Tuesday, July 13, 2010

Pie Plate

My friend Meghan pointed me to this link, the Bike Snob NYC. He's pretty funny, and I wondered for a minute if I should remove my own bike's pie plate.

Then I decided, no. Allow me to take a sip of Hamm's* from the can, dribble some ketchup on my eggs, bite the tip of my cigar, order a ribeye steak cooked well done and wear black dress socks with sandals and shorts for a moment.

Metaphorically, people, please. I always decant my Hamm's into a pint sleeve so it can express it's watery, cooked corn aroma, completely innocent of hops or, come to think of it, any other beer ingredient.

See, I'm a snob, too, just not a cycling snob. I have definite, strong opinions about beer, how to cook a steak, smoke a cigar, etc. I have rules for how it is and isn't okay to do these things, which is to say I elevate my personal preference to a sort of moral imperative when in fact, if you want that steak cooked to the point where you could re-sole a boot with it, it's your steak.

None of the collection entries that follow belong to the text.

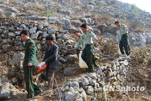 2010年3月21日,位于贵州西南部的六盘水地区出现百年一遇重旱。随着旱情加重,参与抗旱的武警交通部队官兵进村进户,通过肩挑背扛将水、米、面等救灾物资送到村民家中。中新社发 卢士勇 摄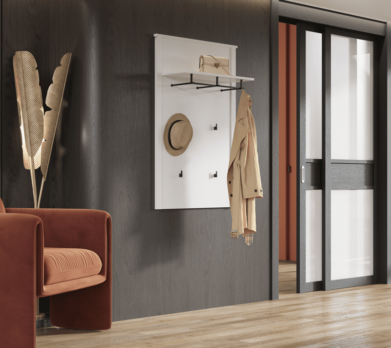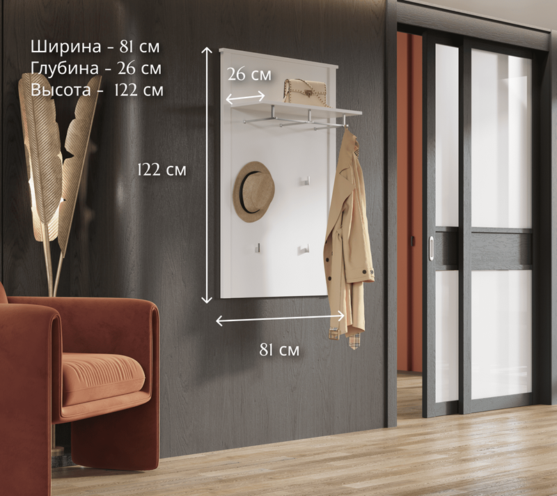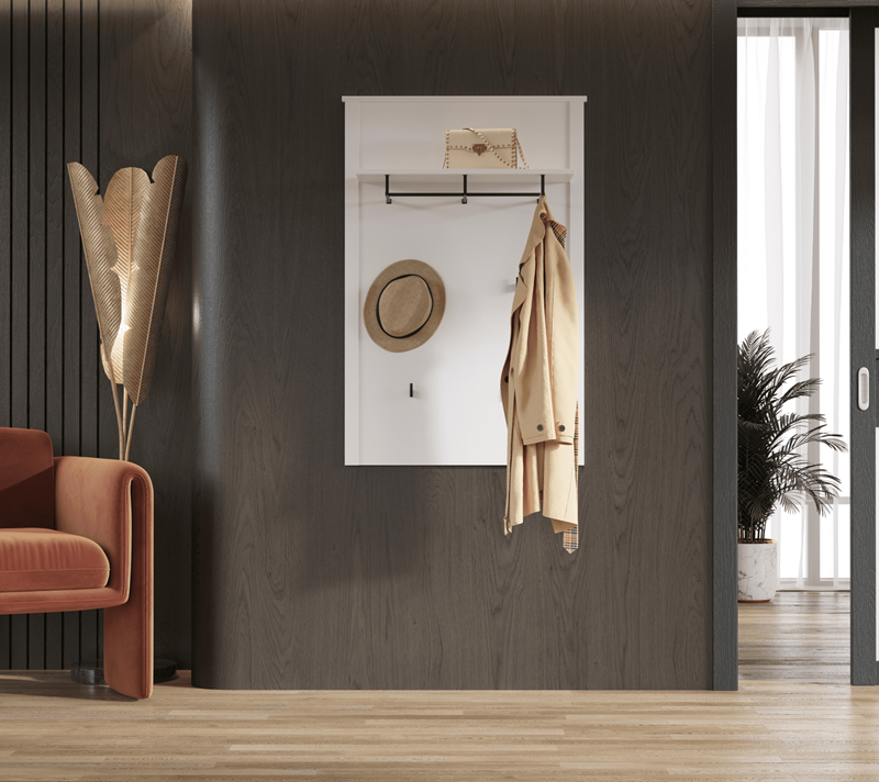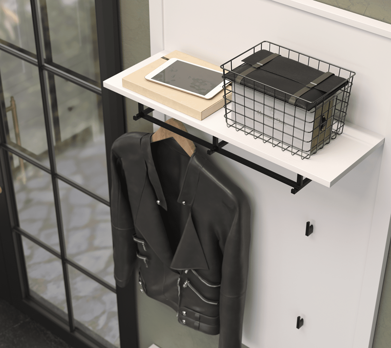 Вешалка состоит из горизонтального щита с крючками, которые идеально подходят для развешивания верхней одежды, сумок и аксессуаров. Верхняя полка предоставляет дополнительное место для хранения шляп, зонтиков, ключей или декоративных элементов. Под полкой располагается торцевая штанга удобная для хранения ремней, шарфиков или одежды на вешалках.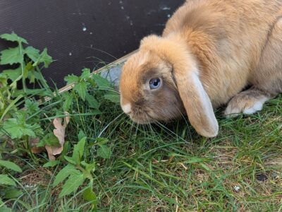 Alle unsere Kaninchen leben in geräumigen Gehegen mit täglichem Auslauf im Garten.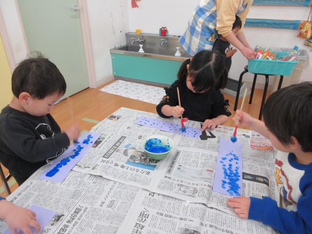 絵の具で遊びました。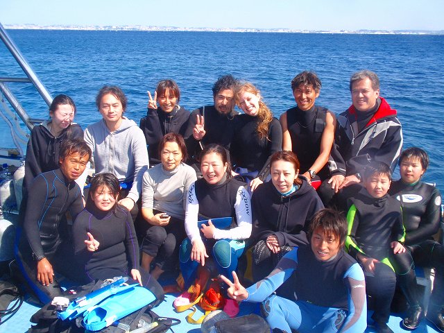 船の上は 体験ダイバー、OWD講習、ファンダイビング、ドライスーツSP、水中スクーターのチームとバリエーション豊富です。

When he says the pie plate, aka dork disc, aka nerd coaster, aka idiot pucks, etc. "are like heavily intoxicated people and many triathletes in that they have no business being on a bicycle," I thought, who the hell does this guy think he is anyway?

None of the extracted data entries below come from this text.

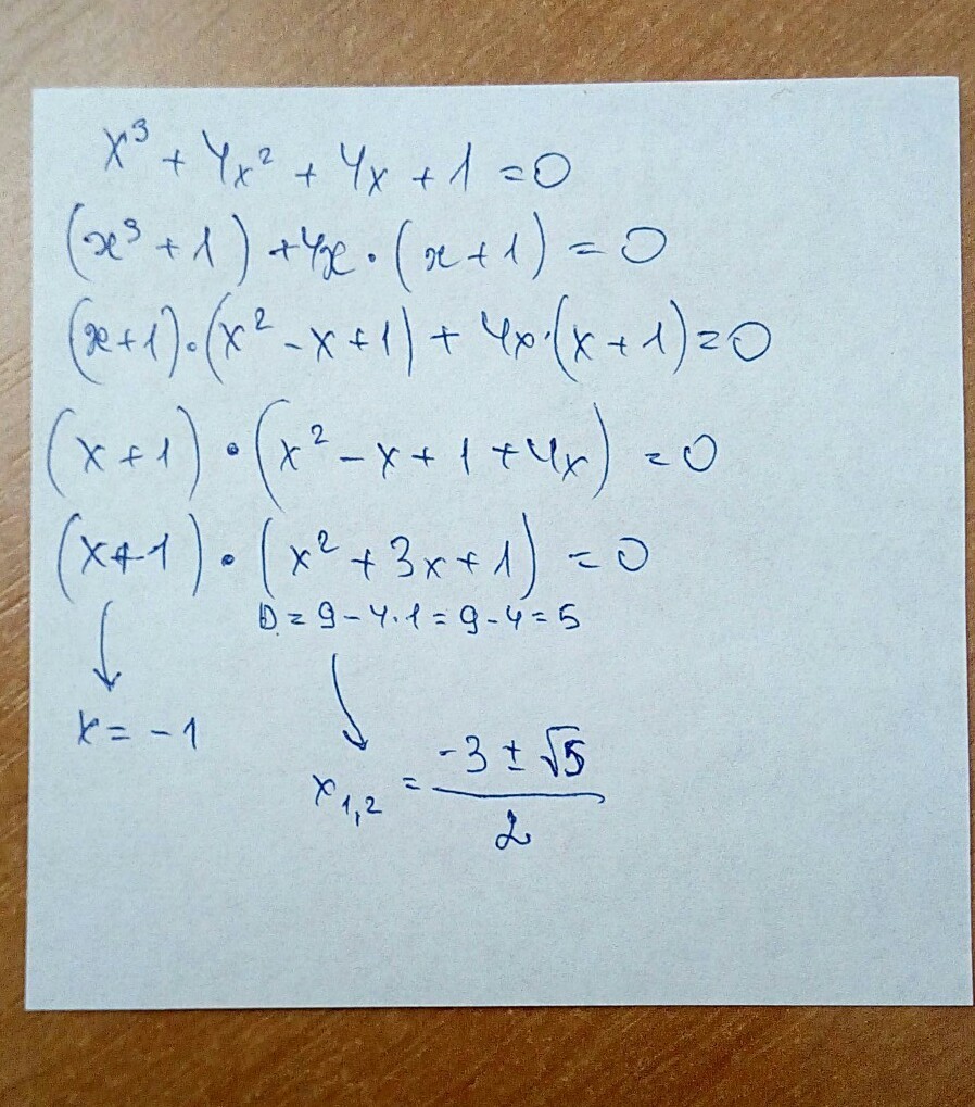 1) объединяешь х^3 и 1 и отдельно 4х^2+4х(потом выносишь 4х за скобки)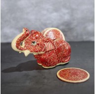 Paper Mache Coaster Set Elephant Design Red Colour
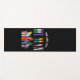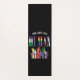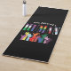 Social justice themed yoga mat features multi-colour "We are all human" text and hands representing the LGBTQTIA+ community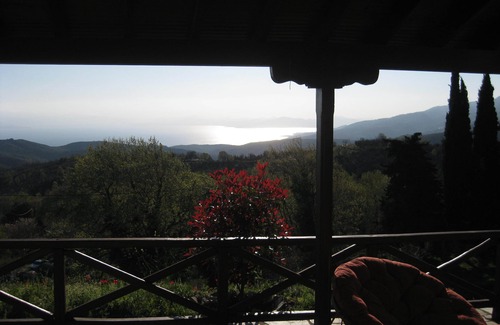 Villa Alexandra is located just outside Neohori village in South Pelion on the "ring road". The villa is exactly in the center of Pelion and it gives you access to both south and north Pelion and as well to both sees Aegean and Pagasitikos gulf. It is built in a 4500 square meter lot offering a total of 310 square meters of living space on two floors plus a basement. On the ground floor you will find a big living room with fireplace and an open kitchen-dining room, a small bedroom with two beds and a bathroom with shower. On the first floor you will find the master bedroom with a king size double bed and two more bedrooms with two beds each one, one big bathroom with shower and a smaller one also with shower. All beds are build. (There are generally 6 beds,1 double bed and 2 extendable beds which you can put wherever you want). Large verandas offer a panoramic view of the Pagasitikos gulf and the surrounding mountains. A play room with a table tenis table is organised in the basement. There is a two car covered garage in the property and various fruit trees around. There is also an outdoor BBQ as well as an outdoor shower.

I know he's going for comedic effect, but the triathletes I know are fantastically strong cyclists (in fact, I think for all three that come to mind it's their strongest sport). And I'm sure Mel Gibson has more business on a bicycle than he does on a telephone. For that matter, if you want to go railing against drunks on bicycles, what do you do with a thing like RAGBRAI?



Then I got to wondering: if you're supposed to take it off, why do manufacturers put it on to begin with? And I found an answer from Cyclelicous. I quote:

They protect the wheel and derailleur against damage by preventing the chain or dérailleur from going into the spokes if the rear dérailleur is misadjusted. I once had to replace spokes, chain, derailleur and chainring for want of a spoke protector because my dérailleur hanger got bent in on the train.

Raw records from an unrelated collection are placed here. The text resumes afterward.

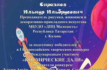По итогам Всероссийского творческого конкурса "Космические дали" награждены 10 учащихся объединения "Юные дарования" (педагог - Сиразиев И.И.). Поздравляем победителей и желаем дальнейших успехов.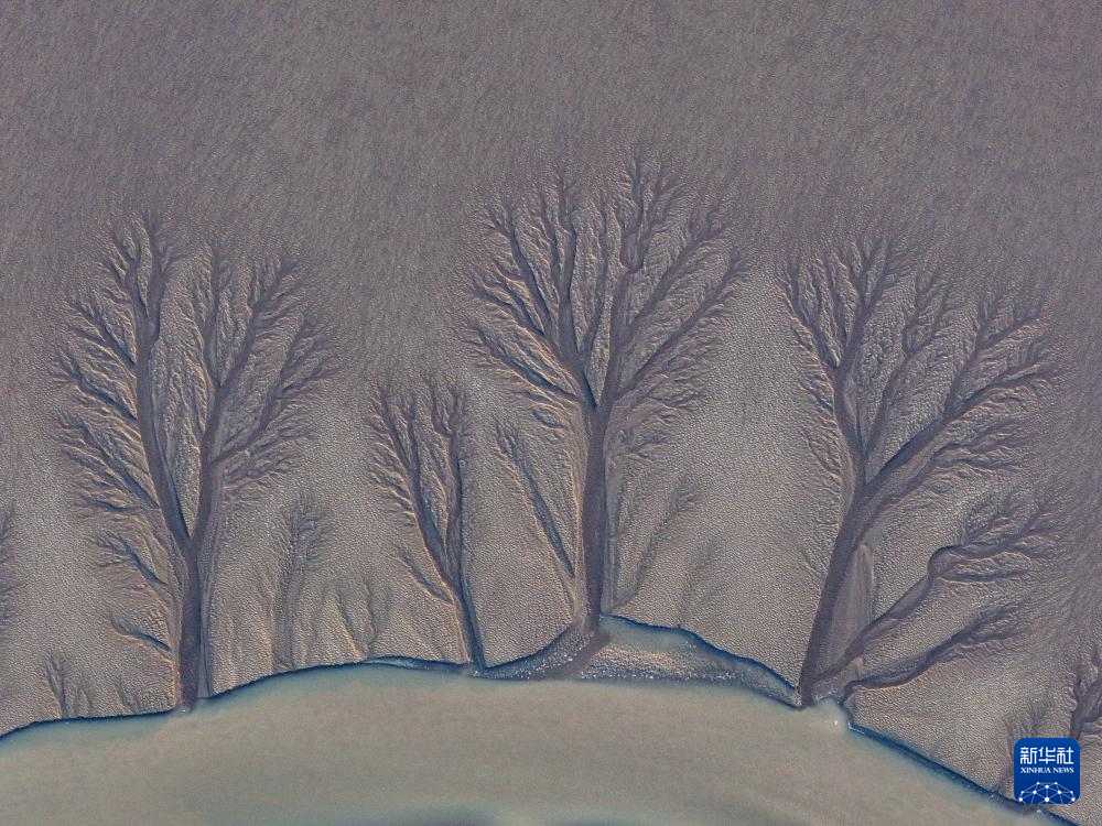 這是2024年10月29日在鹽城市東臺(tái)條子泥濕地拍攝的“潮汐樹”(無(wú)人機(jī)照片)。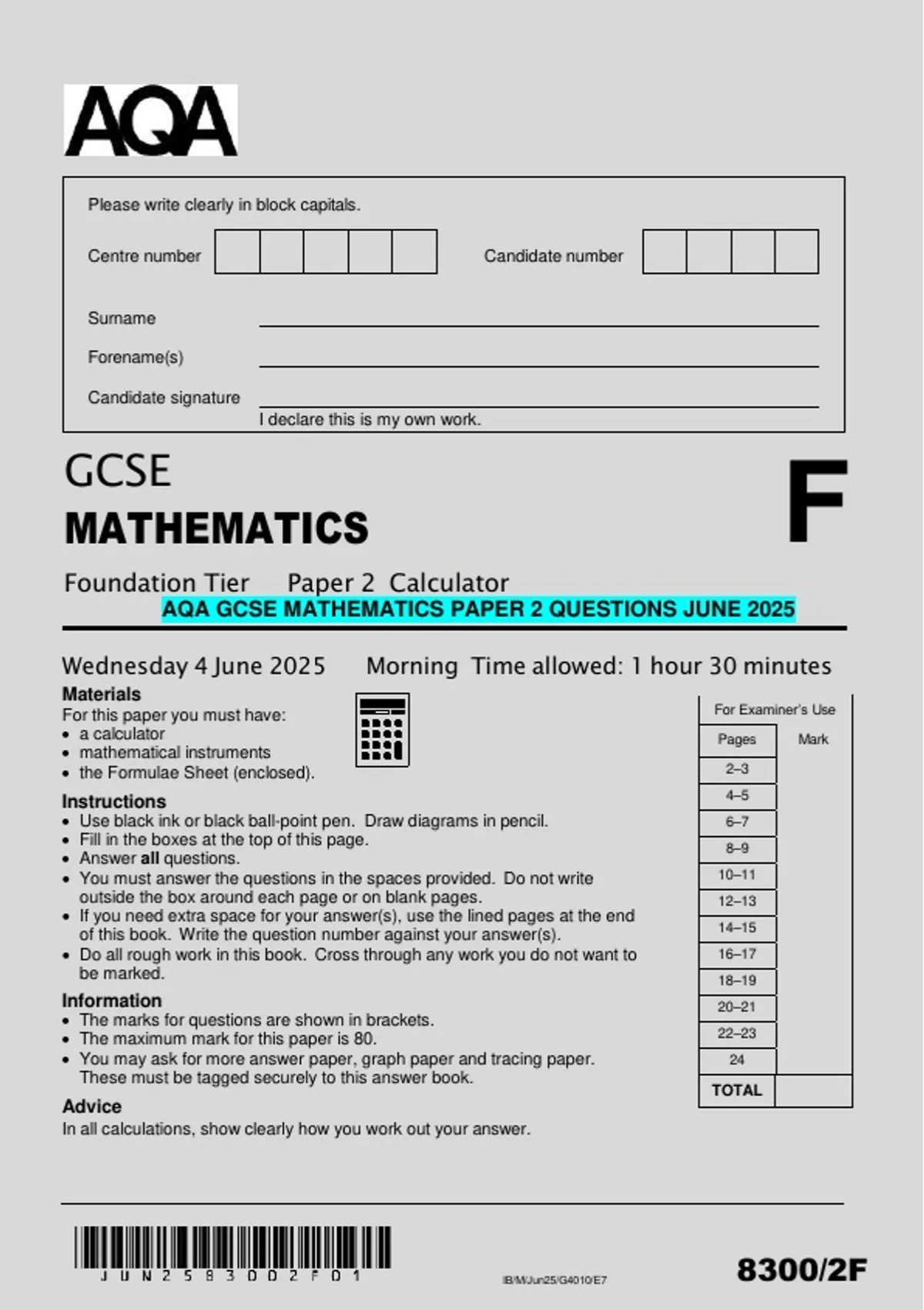 AQA GCSE MATHEMATICS PAPER 2 QUESTIONS JUNE 2025

My Diamondback is 17 years old, people. I drop my chain to the outside three out of four times I ride (hell, I'd put another pie plate on that side of the cassette if it'd keep that shit from happening). It is not a precisely adjusted machine because every time I've paid someone to precisely adjust it the adjustment lasts about one ride.

So instead of getting rid of my pie plate, I made a label for it. Don't know how long it'll stick since the part is so greasy (I cleaned best I could with QuikTrip napkins) and has a grooved texture on its surface, but here ya go.


*
Don't tell the BJCP, I could lose my ranking. ;)

1 comment:

R.D. said...

Yeah, I was going to say something about your pie plate but I didn't *sorry* There were a bunch of riders a while back in Portland who replaced their pie plates with actual aluminum pie plates just to be ironic. Don't worry, though, it's not like people driving past would notice that you still had your pie plate on. If you really want to be cool, just remove all of your brakes and use your feet like I do ^_^

BTW, I totally made up that thing about those Portland dudes !! XD I never knew it wasn't cool to have one and I never even knew it was called a "pie plate". If people really are throwing them away, I bet in 20 years you could sell it on ebay for $300.

When I was a kid, I was always taking crap off my bike and throwing it away e.g. my chain-guard. Eventually, I envied my buddies with chain-guards whenever my jeans got stuck in the chain.